* Data provided *
-=-=-
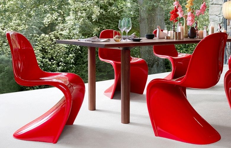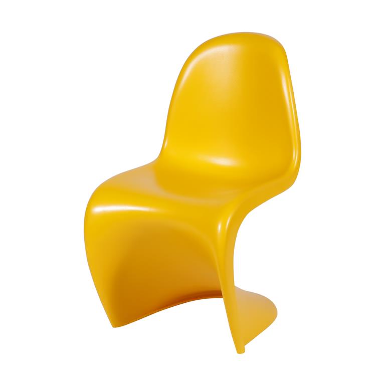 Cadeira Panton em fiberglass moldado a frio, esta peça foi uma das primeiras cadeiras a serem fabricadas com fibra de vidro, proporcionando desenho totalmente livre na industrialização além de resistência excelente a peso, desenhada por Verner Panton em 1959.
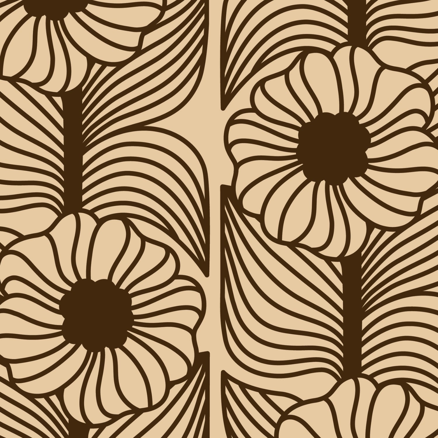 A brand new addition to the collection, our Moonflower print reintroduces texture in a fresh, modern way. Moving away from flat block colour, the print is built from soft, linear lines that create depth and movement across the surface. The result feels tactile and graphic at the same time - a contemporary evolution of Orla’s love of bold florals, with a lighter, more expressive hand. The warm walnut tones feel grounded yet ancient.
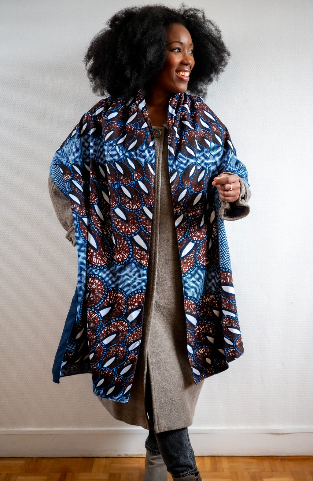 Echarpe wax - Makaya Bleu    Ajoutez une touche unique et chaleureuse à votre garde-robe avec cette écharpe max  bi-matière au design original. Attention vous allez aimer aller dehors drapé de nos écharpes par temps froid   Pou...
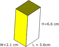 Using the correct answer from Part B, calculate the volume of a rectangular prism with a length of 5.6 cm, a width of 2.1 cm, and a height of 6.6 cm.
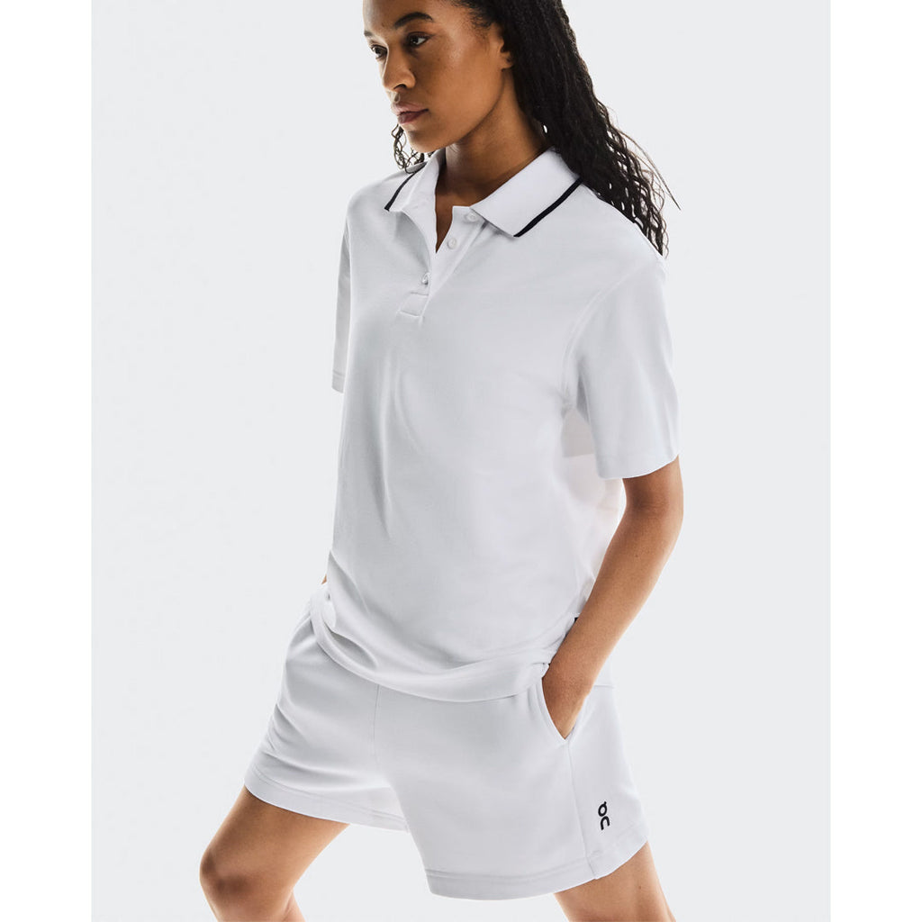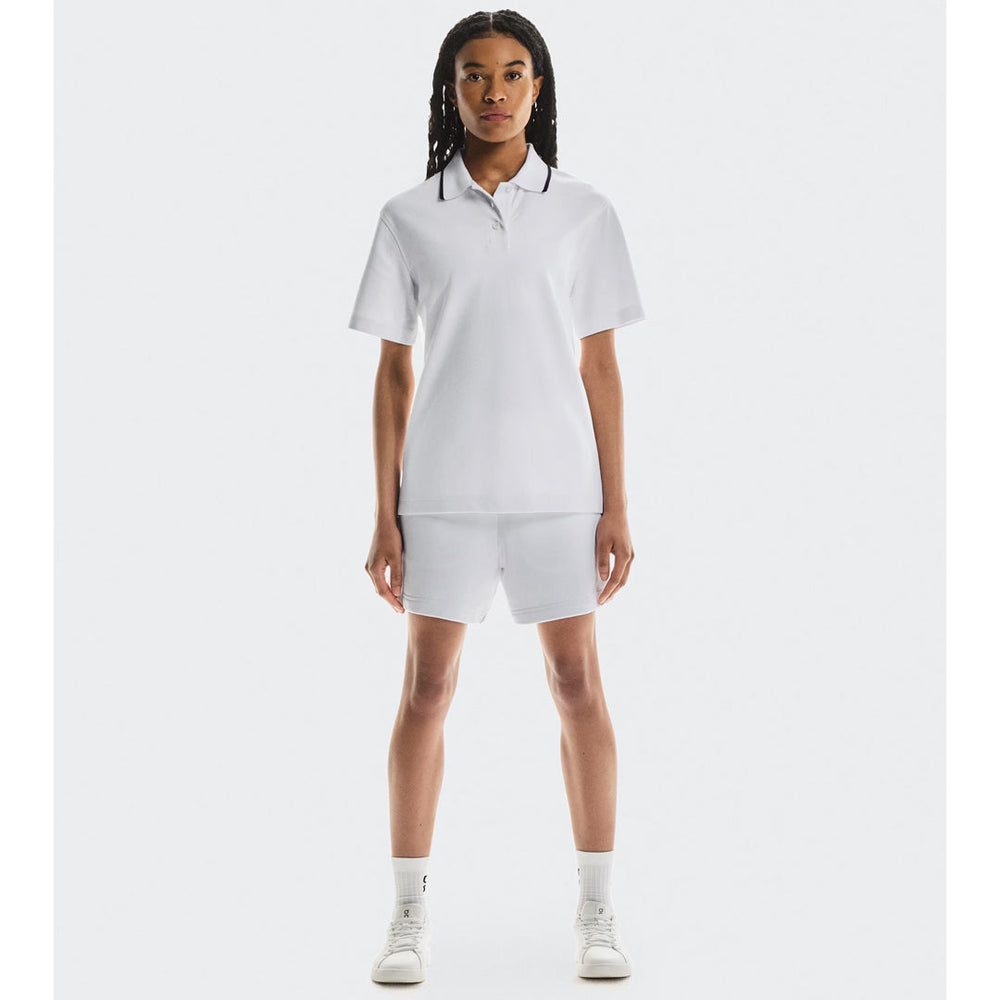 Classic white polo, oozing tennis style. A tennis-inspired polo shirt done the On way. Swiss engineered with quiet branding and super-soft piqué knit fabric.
-=-=-
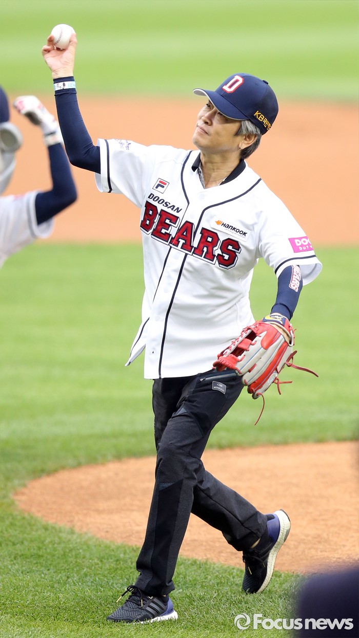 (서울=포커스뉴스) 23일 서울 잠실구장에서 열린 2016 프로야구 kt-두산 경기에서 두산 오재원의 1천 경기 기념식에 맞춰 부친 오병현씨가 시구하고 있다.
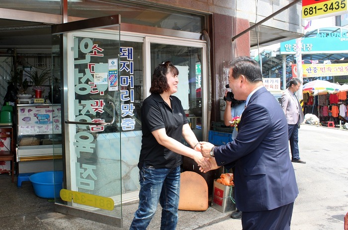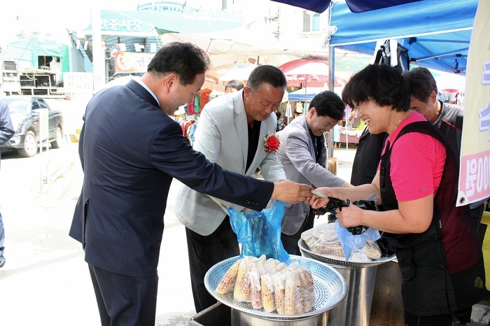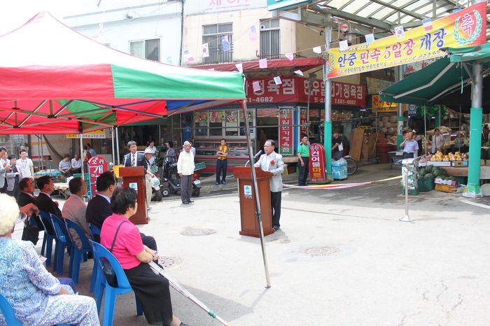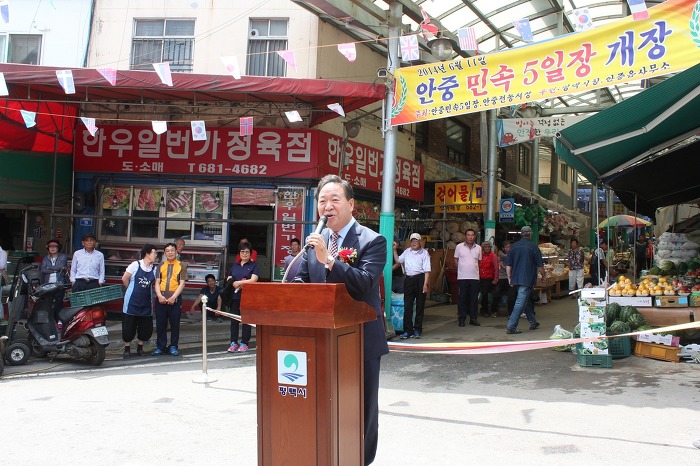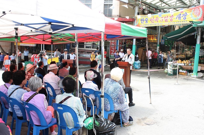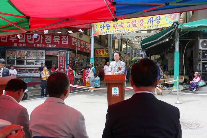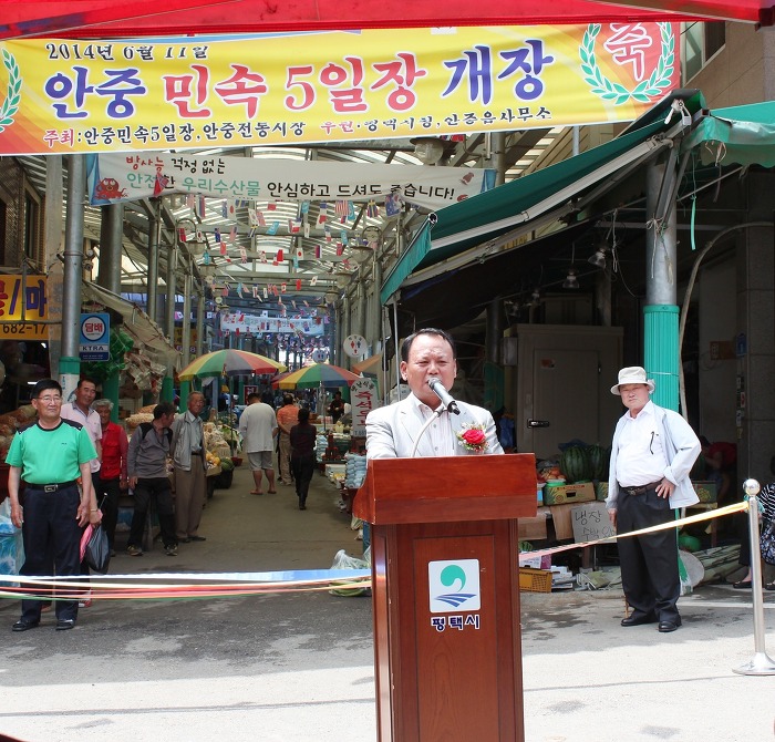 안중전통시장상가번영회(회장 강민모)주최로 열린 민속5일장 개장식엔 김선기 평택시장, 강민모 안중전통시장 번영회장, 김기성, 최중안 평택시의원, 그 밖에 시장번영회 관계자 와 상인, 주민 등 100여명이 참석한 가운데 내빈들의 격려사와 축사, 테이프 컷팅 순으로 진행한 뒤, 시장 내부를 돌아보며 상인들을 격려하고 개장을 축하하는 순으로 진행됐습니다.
-=-=-
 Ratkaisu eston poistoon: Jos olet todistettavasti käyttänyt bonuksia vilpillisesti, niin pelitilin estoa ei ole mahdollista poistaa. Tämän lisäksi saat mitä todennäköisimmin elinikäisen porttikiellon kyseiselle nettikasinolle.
-=-=-
* Task statement *
Transcribe exactly the lines above, beginning at the one with "(서울=포커스뉴스) 23일 서울" and going up to and including the one with "안중전통시장상가번영회(회장 강민모)주최로 열린". Pictures do not belong in the copy.

* Completed exercise *
 (서울=포커스뉴스) 23일 서울 잠실구장에서 열린 2016 프로야구 kt-두산 경기에서 두산 오재원의 1천 경기 기념식에 맞춰 부친 오병현씨가 시구하고 있다.
 안중전통시장상가번영회(회장 강민모)주최로 열린 민속5일장 개장식엔 김선기 평택시장, 강민모 안중전통시장 번영회장, 김기성, 최중안 평택시의원, 그 밖에 시장번영회 관계자 와 상인, 주민 등 100여명이 참석한 가운데 내빈들의 격려사와 축사, 테이프 컷팅 순으로 진행한 뒤, 시장 내부를 돌아보며 상인들을 격려하고 개장을 축하하는 순으로 진행됐습니다.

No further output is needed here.